• [Exercise requirements] Take each line below that has "make" and copy it.

The data below:

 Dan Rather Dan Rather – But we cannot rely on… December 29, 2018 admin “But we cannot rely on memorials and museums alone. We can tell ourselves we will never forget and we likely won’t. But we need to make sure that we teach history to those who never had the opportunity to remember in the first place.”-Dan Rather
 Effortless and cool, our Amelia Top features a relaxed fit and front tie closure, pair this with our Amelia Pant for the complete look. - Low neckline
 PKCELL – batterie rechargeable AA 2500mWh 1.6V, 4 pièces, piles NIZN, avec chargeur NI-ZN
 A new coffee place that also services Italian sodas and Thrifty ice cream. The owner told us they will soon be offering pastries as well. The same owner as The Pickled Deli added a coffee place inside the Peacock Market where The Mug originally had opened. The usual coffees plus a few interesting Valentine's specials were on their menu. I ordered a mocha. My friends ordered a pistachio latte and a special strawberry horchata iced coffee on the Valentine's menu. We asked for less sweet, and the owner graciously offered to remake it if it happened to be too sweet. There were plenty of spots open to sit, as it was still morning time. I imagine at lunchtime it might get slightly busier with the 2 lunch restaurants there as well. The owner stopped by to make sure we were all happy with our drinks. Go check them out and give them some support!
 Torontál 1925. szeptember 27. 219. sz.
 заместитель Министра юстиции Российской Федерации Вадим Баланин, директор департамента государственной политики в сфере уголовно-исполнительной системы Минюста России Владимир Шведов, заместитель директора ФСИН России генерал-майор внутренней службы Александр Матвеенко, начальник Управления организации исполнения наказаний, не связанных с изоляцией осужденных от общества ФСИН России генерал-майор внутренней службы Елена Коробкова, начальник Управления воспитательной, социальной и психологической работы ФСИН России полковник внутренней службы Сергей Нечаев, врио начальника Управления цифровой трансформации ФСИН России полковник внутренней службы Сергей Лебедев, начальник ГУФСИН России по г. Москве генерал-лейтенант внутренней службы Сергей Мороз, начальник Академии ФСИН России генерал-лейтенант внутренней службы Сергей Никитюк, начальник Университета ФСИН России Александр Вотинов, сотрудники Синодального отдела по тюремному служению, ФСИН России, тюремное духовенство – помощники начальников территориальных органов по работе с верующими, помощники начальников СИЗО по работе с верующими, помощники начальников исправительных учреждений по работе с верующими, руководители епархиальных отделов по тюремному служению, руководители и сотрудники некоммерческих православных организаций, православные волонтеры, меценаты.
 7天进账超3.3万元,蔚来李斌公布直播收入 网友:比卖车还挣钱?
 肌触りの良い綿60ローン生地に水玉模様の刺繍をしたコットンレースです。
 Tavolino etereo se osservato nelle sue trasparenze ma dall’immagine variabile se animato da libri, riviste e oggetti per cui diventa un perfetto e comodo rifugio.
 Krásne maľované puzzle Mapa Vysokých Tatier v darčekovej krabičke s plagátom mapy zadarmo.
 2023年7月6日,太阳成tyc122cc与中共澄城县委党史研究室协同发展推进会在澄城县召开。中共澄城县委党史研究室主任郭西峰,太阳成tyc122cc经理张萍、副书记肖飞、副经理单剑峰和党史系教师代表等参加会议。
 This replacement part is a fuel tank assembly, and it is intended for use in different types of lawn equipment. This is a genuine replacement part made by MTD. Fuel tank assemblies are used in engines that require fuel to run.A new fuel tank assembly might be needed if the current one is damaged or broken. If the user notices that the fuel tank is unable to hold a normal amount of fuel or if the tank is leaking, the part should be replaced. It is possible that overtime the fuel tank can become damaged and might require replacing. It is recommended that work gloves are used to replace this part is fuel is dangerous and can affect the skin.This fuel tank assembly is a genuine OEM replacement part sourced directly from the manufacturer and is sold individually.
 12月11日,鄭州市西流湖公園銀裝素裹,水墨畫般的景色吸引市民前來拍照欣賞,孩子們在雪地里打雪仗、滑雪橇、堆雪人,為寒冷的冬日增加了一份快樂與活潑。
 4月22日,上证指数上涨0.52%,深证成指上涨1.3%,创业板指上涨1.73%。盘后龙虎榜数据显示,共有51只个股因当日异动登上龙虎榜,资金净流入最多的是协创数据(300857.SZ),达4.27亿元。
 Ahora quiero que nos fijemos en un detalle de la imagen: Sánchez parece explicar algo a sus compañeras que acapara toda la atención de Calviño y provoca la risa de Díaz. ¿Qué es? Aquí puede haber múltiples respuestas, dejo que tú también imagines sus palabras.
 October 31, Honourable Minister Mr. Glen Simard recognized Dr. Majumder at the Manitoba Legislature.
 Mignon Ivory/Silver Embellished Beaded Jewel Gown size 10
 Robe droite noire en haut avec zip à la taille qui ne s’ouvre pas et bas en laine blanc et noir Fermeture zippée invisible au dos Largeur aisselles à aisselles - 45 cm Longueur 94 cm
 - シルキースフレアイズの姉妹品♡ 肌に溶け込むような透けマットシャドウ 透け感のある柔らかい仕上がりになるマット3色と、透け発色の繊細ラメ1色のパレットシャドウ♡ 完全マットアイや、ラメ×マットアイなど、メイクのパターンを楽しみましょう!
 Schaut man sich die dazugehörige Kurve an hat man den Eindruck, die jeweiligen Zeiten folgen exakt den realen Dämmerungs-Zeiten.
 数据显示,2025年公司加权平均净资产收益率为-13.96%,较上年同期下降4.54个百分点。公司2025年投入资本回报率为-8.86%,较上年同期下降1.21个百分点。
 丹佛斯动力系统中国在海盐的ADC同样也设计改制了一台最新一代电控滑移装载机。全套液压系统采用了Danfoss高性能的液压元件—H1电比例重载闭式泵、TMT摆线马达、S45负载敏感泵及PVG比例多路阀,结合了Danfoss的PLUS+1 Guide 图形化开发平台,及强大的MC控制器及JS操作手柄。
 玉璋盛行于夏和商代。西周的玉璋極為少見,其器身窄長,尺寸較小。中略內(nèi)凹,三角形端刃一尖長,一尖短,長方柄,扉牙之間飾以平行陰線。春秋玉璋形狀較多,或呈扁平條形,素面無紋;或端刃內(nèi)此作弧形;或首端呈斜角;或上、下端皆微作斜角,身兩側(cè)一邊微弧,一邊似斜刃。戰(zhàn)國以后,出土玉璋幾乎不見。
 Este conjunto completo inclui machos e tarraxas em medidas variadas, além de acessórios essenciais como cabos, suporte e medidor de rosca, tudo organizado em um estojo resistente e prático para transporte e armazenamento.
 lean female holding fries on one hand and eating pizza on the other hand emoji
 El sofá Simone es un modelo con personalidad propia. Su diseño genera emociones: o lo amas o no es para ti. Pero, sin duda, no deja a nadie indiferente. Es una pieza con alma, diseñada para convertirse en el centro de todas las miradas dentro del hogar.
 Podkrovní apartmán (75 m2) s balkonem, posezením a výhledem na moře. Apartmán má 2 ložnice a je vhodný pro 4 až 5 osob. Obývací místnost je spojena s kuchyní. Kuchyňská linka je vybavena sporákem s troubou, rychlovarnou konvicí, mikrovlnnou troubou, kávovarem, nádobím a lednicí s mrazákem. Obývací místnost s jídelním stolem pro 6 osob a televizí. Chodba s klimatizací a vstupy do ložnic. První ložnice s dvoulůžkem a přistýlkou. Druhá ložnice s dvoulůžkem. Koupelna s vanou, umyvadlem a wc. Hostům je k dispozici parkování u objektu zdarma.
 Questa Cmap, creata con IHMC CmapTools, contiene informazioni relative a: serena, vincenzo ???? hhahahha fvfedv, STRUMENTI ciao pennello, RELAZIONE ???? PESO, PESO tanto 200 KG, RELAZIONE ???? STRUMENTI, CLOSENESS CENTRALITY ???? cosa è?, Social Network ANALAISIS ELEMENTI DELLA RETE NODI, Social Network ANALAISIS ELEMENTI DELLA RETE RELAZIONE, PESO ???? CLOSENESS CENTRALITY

End of The data.

• [Solution to this exercise]
 Dan Rather Dan Rather – But we cannot rely on… December 29, 2018 admin “But we cannot rely on memorials and museums alone. We can tell ourselves we will never forget and we likely won’t. But we need to make sure that we teach history to those who never had the opportunity to remember in the first place.”-Dan Rather
 A new coffee place that also services Italian sodas and Thrifty ice cream. The owner told us they will soon be offering pastries as well. The same owner as The Pickled Deli added a coffee place inside the Peacock Market where The Mug originally had opened. The usual coffees plus a few interesting Valentine's specials were on their menu. I ordered a mocha. My friends ordered a pistachio latte and a special strawberry horchata iced coffee on the Valentine's menu. We asked for less sweet, and the owner graciously offered to remake it if it happened to be too sweet. There were plenty of spots open to sit, as it was still morning time. I imagine at lunchtime it might get slightly busier with the 2 lunch restaurants there as well. The owner stopped by to make sure we were all happy with our drinks. Go check them out and give them some support!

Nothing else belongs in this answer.